SAT 2/22/25 - 9am - 11am - Open Gym / Partner WOD -

Warm Up - 20 jumping jacks - 5 synchronized inchworms - 20 jumping jacks - 5 synchronized push-ups
10 ring rows - 5 synchronized up-downs - 10 kip swings - 5 synchronized burpees - 10 hanging knee raises - 5 synchronized burpees - Rope climb: 1 pull-to-stand
- 2 foot hooks - 1 foot hook + 1 pull + re-establish foot hook - 1 rope climb - Wall walks: 10 alternating plank shoulder taps - 10 alternating feet-on-wall shoulder taps - 1 partial wall walk - 1 wall walk - Muscle up: :15 ring support hold - 5 kneeling false grip ring rows - 3 kneeling muscle-up transitions - 1 ring muscle-ups

Partner WOD -share the work - only one works at a time-
20 synchronized burpees
20 rope climbs to 15ft.
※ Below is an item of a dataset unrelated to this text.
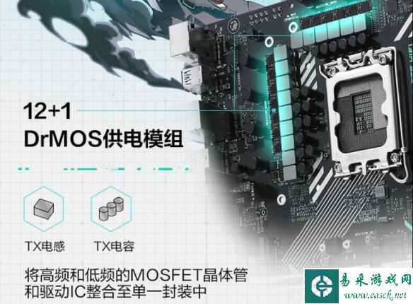 华硕B760天选背置主板采用12+1供电模组及用料扎实的DrMOS,搭配8+4Pin ProCool高强度供电接口,加上超大散热鳍片,高效降温,轻松驾驭13代及下代酷睿处理器。还有APE 3.0(ASUS Performance Enhancement 3.0)功能,在BIOS中开启后即可一键解锁处理器功耗,提供更强的处理器性能释放。

L2-14 to as high as possible L1-20 pull to stands
20 synchronized burpees
20 wall walks L2-15 wall walks L1-20 inchworms
20 synchronized burpees
20 muscle-ups L2-15 jumping muscle ups L1-20 ring rows + 20 box dips
– Share the rope climbs, wall walks, and muscle-ups as needed.